REQUIRED ACTION |
Could you retype the whole listing word for word and drop the images?

MATERIAL SHOWN |
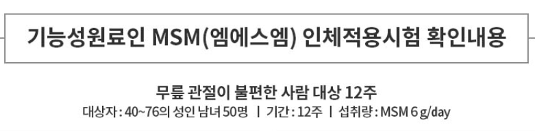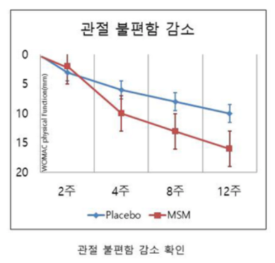 하루에 MSM을 6g/day씩 섭취하게 한 결과 대부분의 실험자에게서 '관절 불편함 감소' 및 '관절 통증 감소' 등의 결과가 나타났습니다.
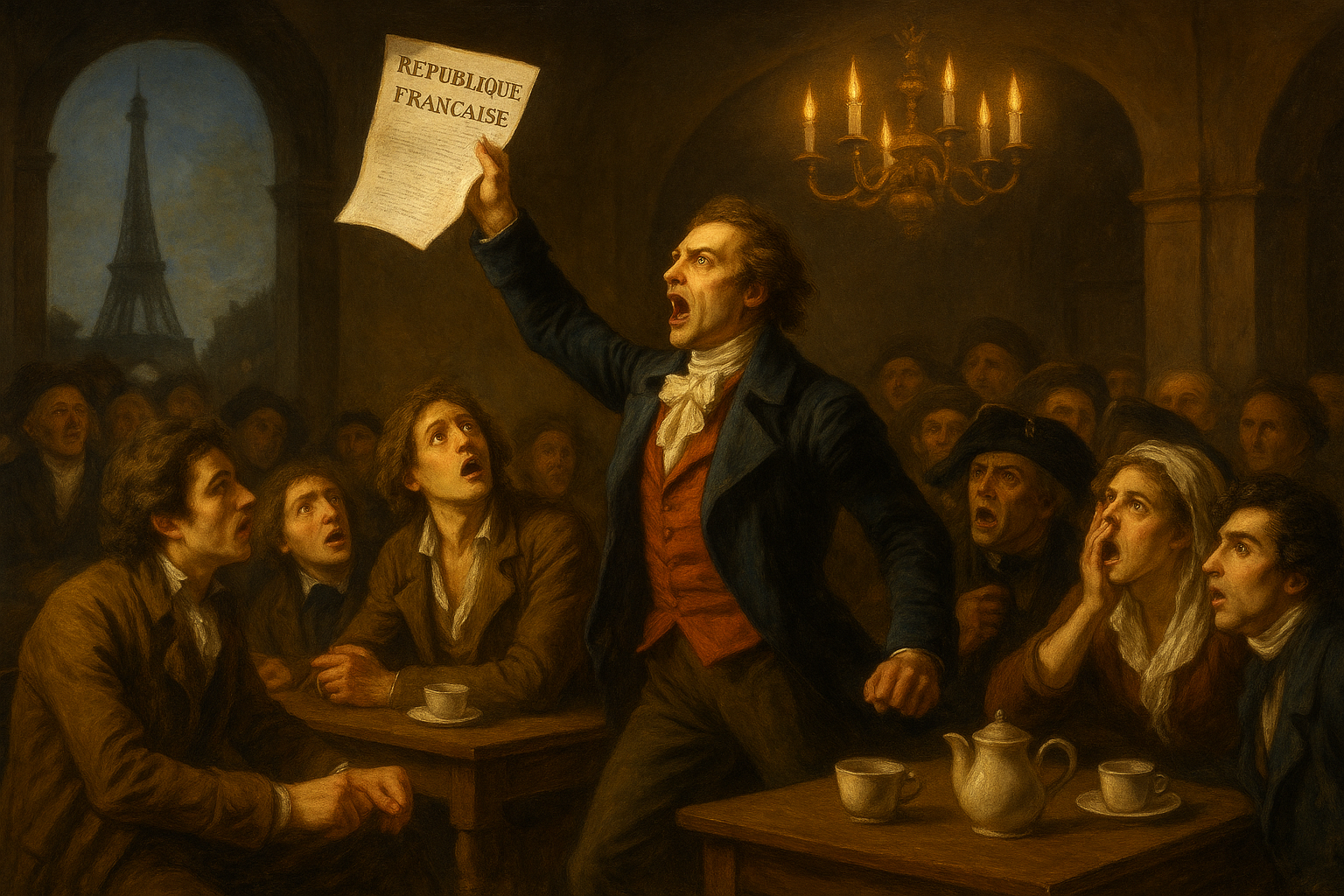 계몽사상이 확산된 파리 카페는 곧 혁명의 불씨를 키우는 무대가 되었습니다. 프랑스 혁명 직전, 학생과 시민, 지식인들이 카페에 모여 왕정과 귀족 사회를 비판했습니다. 정치 연설이 자연스럽게 이어졌고, 혁명 선언문이 낭독되기도 했습니다.
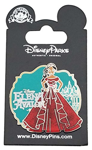 - On the front of the pin, it says Disney Elena of Avalor. Elana's dress has glitter embellishments
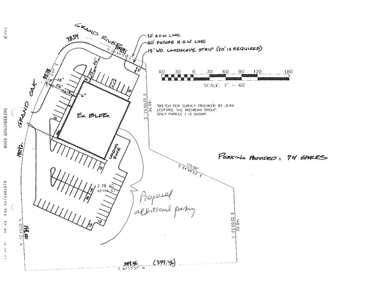 Located at a traffic signal on the southeast corner of Grand River Avenue and Grand Oaks Drive. Access off both Grand River Avenue and Grand Oaks Drive.
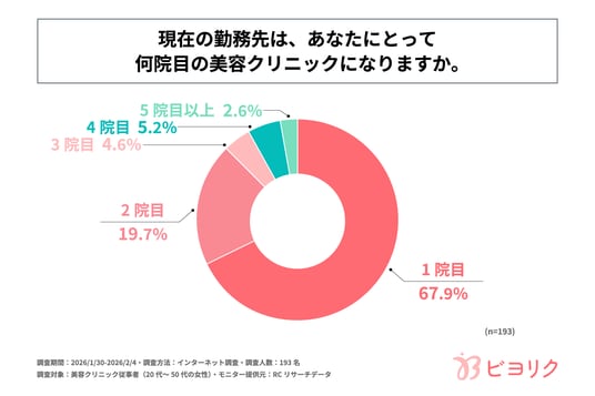 まず、「現在の勤務先は、自身にとって何院目の美容クリニックになるか」を尋ねる設問への回答では、1位が「1院目」で67.9%、2位が「2院目」で19.7%、3位が「4院目」で5.2%、4位が「3院目」で4.6%、5位が「5院目以上」で2.6%という結果になりました。「1院目」という回答が最多である一方、2位~5位の各回答の比率を合計すると32.1%となり、この結果から、美容クリニック従事者の約3人に1人が、2院以上の美容クリニックで勤務経験があることがわかりました。
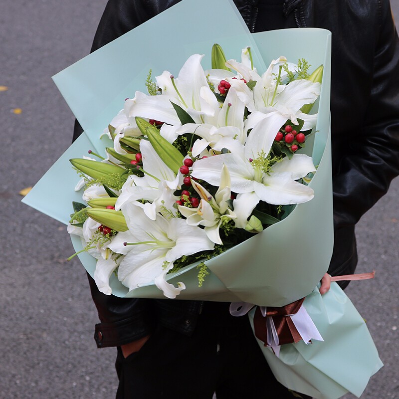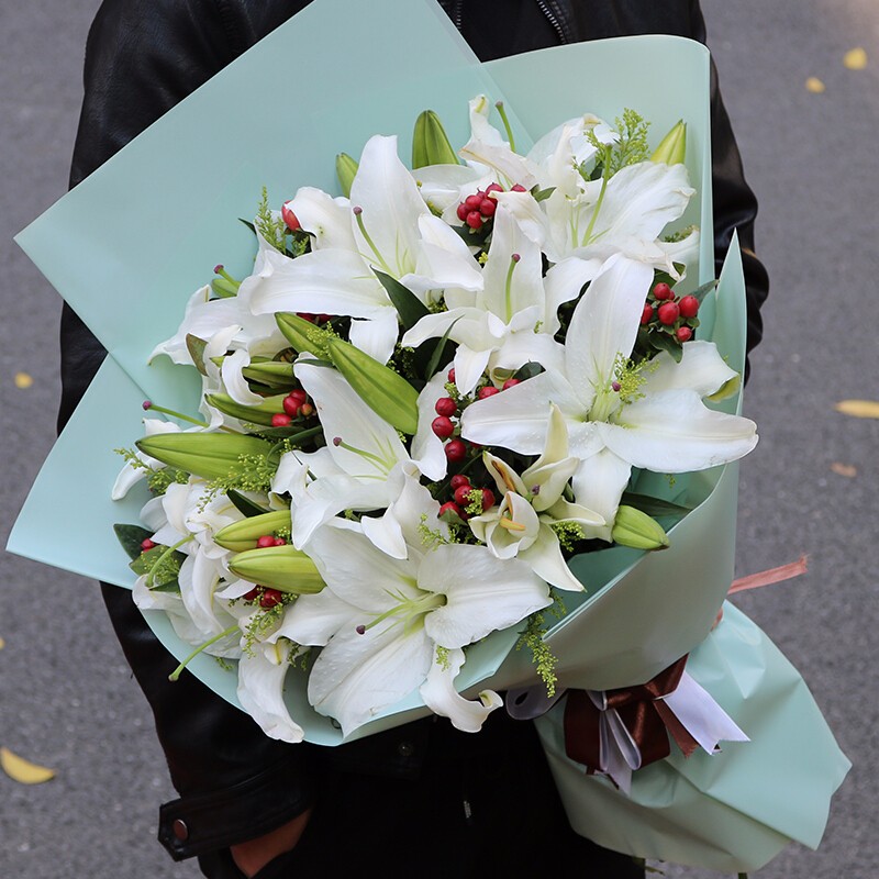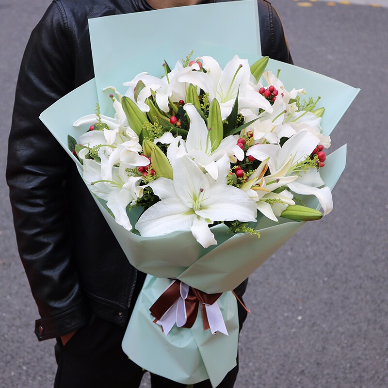 花 材:18朵白色香水百合,搭配红豆、绿叶、黄莺装饰。
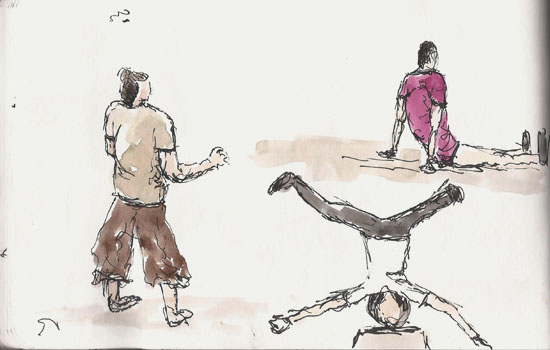 For me to begin sketching at the École de Cirque is hard for two reasons. The first is that I’m simply mesmerized by what is before me. There was a juggler who was balancing a ring on his head while juggling several other rings, passing smaller ones through the ring on his head as he juggled. He was amazing.
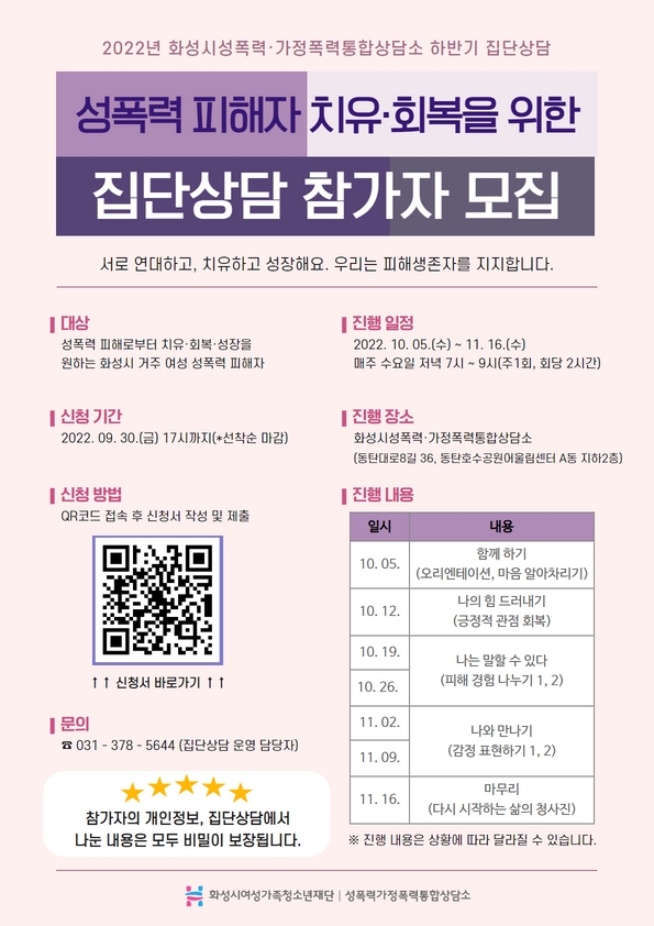 - 대상 : 화성시 거주 여성 성폭력 피해자 - 기간 : 10. 5.(수) ~ 11. 16.(수) / 매주 수요일 저녁 7시 ~ 9시(2시간씩 총7회) - 장소 : 화성시성폭력·가정폭력통합상담소 집단교육장 -내용 : 성폭력 피해로부터 심리/정서적 치유·회복, 안전한 상황 속 피해 경험 나누기 - 신청방법 : 포스터 QR 코드 인식 후 신청서 링크 접속 → 내용 작성 후 '제출하기' 클릭
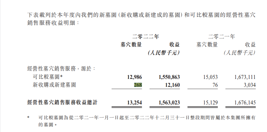 值得一提的是,2022年,福寿园新收购或新建墓园达268座。
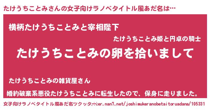 | 男性向けラノベタイトル風あだ名 | 『ダンジョンにたけうちことみを求めるのは間違っているだろうか』 |
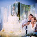 A bordo piscina un gazebo simboleggia una barca a vela. “È possibile salire a bordo”! Due tavolette di legno invecchiato indicano on board e out shoes. Al centro del “natante” un opera d’arte, un acchiappasogni che con i suoi cristalli, foglie di ostriche e conchiglie, invita al sogno. Anima il pranzo un divertente e corale flash mob che coinvolge tutti, così come il taglio della torta sul prato con il lancio di palloncini. Un sole infuocato sta per salutare il giorno. La festa non è ancora finita. Sull’arenile dorato della Biodola una doppia distesa di candele accompagna gli invitati al Ristorante Maitù, dal quale ammirano un meraviglioso tramonto sull’isola di Capraia e si scatenano fino all’alba. Tania e Stefano mi sono entrati nel cuore, così come le loro splendide famiglie. Ancor oggi, a distanza di quasi un anno dal loro matrimonio, gli elbani li sono grati per aver portato con il loro Amore e la loro naturalezza l’isola d’Elba alla ribalta mondiale. Il nostro augurio? Vederli navigare nelle acque di quest’Isola che li ha fatti così tanto innamorare.
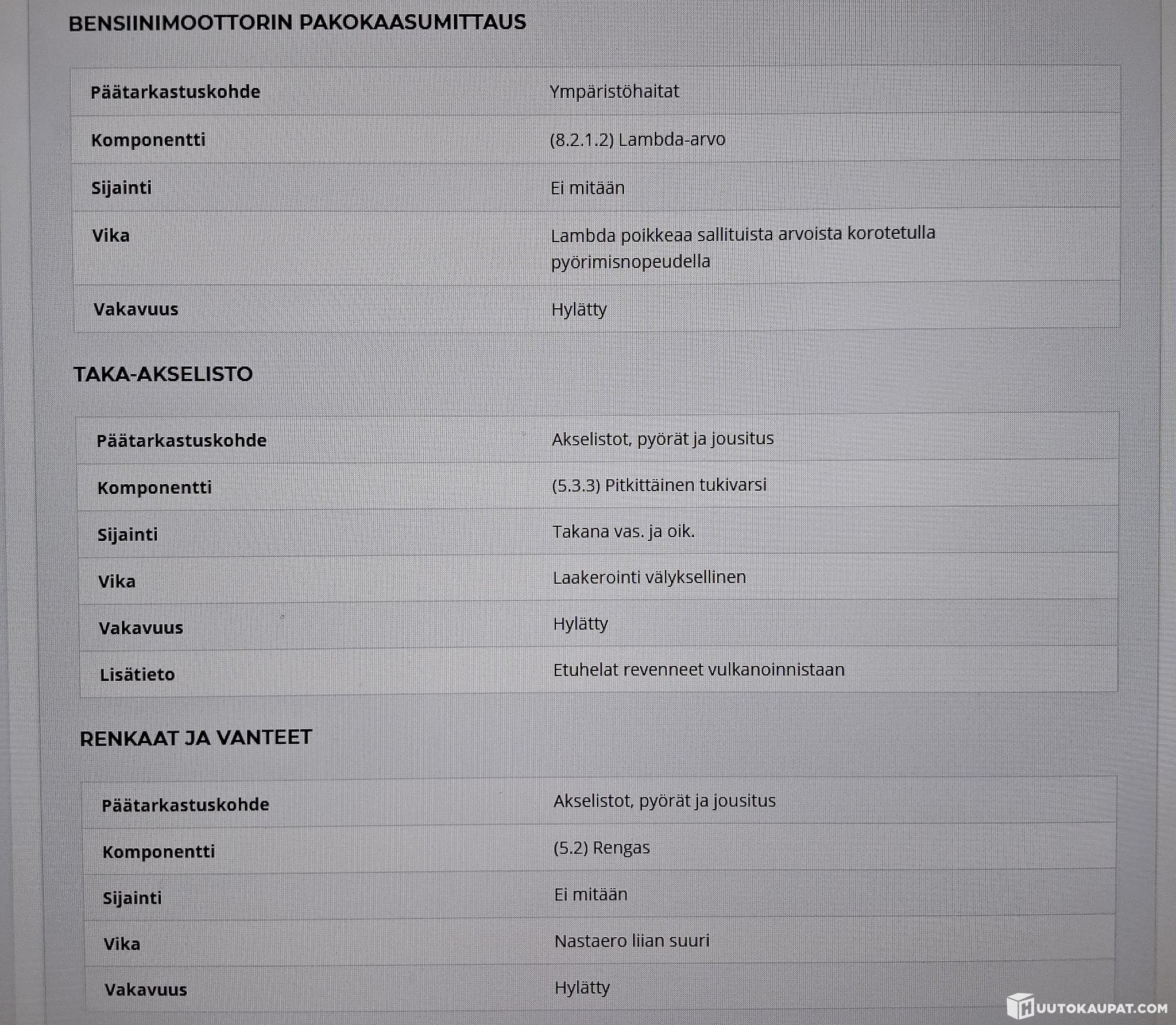 Auto ei ole ollut toimestamme teknisessä kuntotarkastuksessa eikä kaikkien varusteiden toimivuutta ole testattu. Siinä saattaa olla piileviä vikoja, joita koeajolla emme havainneet. Autoon on mahdollista tulla tutustumaan tarkemmin ennen sitovan huudon tekemistä. Sovithan tulostasi etukäteen, kiitos.
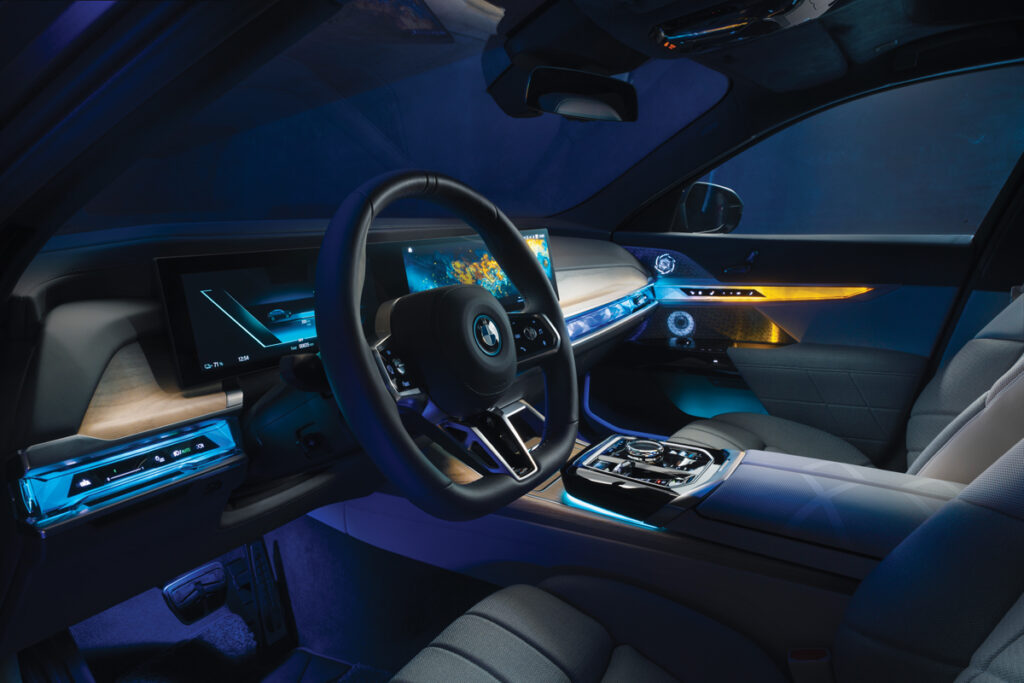 Cu toate că este o limuzină în care te poți bucura de confortul locurilor din spate, când te afli la volan poți experimenta puterea, agilitatea, dar și silențiozitatea cu care se deplasează. Atmosfera din interior este asigurată și de modurile de condus. Pe lângă răspunsul accelerației sau nivelul suspensiilor, modurile de condus influențează inclusiv iluminatul ambiental. Sistemul BMW IconicSounds, dezvoltat împreună cu celebrul compozitor Hans Zimmer, te introduce într-un univers sonor inedit, care adaptează o simfonie de sunete digitale în funcție de modul de conducere selectat.

ANSWER TO THIS PROBLEM |
 하루에 MSM을 6g/day씩 섭취하게 한 결과 대부분의 실험자에게서 '관절 불편함 감소' 및 '관절 통증 감소' 등의 결과가 나타났습니다.
 계몽사상이 확산된 파리 카페는 곧 혁명의 불씨를 키우는 무대가 되었습니다. 프랑스 혁명 직전, 학생과 시민, 지식인들이 카페에 모여 왕정과 귀족 사회를 비판했습니다. 정치 연설이 자연스럽게 이어졌고, 혁명 선언문이 낭독되기도 했습니다.
 - On the front of the pin, it says Disney Elena of Avalor. Elana's dress has glitter embellishments
 Located at a traffic signal on the southeast corner of Grand River Avenue and Grand Oaks Drive. Access off both Grand River Avenue and Grand Oaks Drive.
 まず、「現在の勤務先は、自身にとって何院目の美容クリニックになるか」を尋ねる設問への回答では、1位が「1院目」で67.9%、2位が「2院目」で19.7%、3位が「4院目」で5.2%、4位が「3院目」で4.6%、5位が「5院目以上」で2.6%という結果になりました。「1院目」という回答が最多である一方、2位~5位の各回答の比率を合計すると32.1%となり、この結果から、美容クリニック従事者の約3人に1人が、2院以上の美容クリニックで勤務経験があることがわかりました。
 花 材:18朵白色香水百合,搭配红豆、绿叶、黄莺装饰。
 For me to begin sketching at the École de Cirque is hard for two reasons. The first is that I’m simply mesmerized by what is before me. There was a juggler who was balancing a ring on his head while juggling several other rings, passing smaller ones through the ring on his head as he juggled. He was amazing.
 - 대상 : 화성시 거주 여성 성폭력 피해자 - 기간 : 10. 5.(수) ~ 11. 16.(수) / 매주 수요일 저녁 7시 ~ 9시(2시간씩 총7회) - 장소 : 화성시성폭력·가정폭력통합상담소 집단교육장 -내용 : 성폭력 피해로부터 심리/정서적 치유·회복, 안전한 상황 속 피해 경험 나누기 - 신청방법 : 포스터 QR 코드 인식 후 신청서 링크 접속 → 내용 작성 후 '제출하기' 클릭
 值得一提的是,2022年,福寿园新收购或新建墓园达268座。
 | 男性向けラノベタイトル風あだ名 | 『ダンジョンにたけうちことみを求めるのは間違っているだろうか』 |
 A bordo piscina un gazebo simboleggia una barca a vela. “È possibile salire a bordo”! Due tavolette di legno invecchiato indicano on board e out shoes. Al centro del “natante” un opera d’arte, un acchiappasogni che con i suoi cristalli, foglie di ostriche e conchiglie, invita al sogno. Anima il pranzo un divertente e corale flash mob che coinvolge tutti, così come il taglio della torta sul prato con il lancio di palloncini. Un sole infuocato sta per salutare il giorno. La festa non è ancora finita. Sull’arenile dorato della Biodola una doppia distesa di candele accompagna gli invitati al Ristorante Maitù, dal quale ammirano un meraviglioso tramonto sull’isola di Capraia e si scatenano fino all’alba. Tania e Stefano mi sono entrati nel cuore, così come le loro splendide famiglie. Ancor oggi, a distanza di quasi un anno dal loro matrimonio, gli elbani li sono grati per aver portato con il loro Amore e la loro naturalezza l’isola d’Elba alla ribalta mondiale. Il nostro augurio? Vederli navigare nelle acque di quest’Isola che li ha fatti così tanto innamorare.
 Auto ei ole ollut toimestamme teknisessä kuntotarkastuksessa eikä kaikkien varusteiden toimivuutta ole testattu. Siinä saattaa olla piileviä vikoja, joita koeajolla emme havainneet. Autoon on mahdollista tulla tutustumaan tarkemmin ennen sitovan huudon tekemistä. Sovithan tulostasi etukäteen, kiitos.
 Cu toate că este o limuzină în care te poți bucura de confortul locurilor din spate, când te afli la volan poți experimenta puterea, agilitatea, dar și silențiozitatea cu care se deplasează. Atmosfera din interior este asigurată și de modurile de condus. Pe lângă răspunsul accelerației sau nivelul suspensiilor, modurile de condus influențează inclusiv iluminatul ambiental. Sistemul BMW IconicSounds, dezvoltat împreună cu celebrul compozitor Hans Zimmer, te introduce într-un univers sonor inedit, care adaptează o simfonie de sunete digitale în funcție de modul de conducere selectat.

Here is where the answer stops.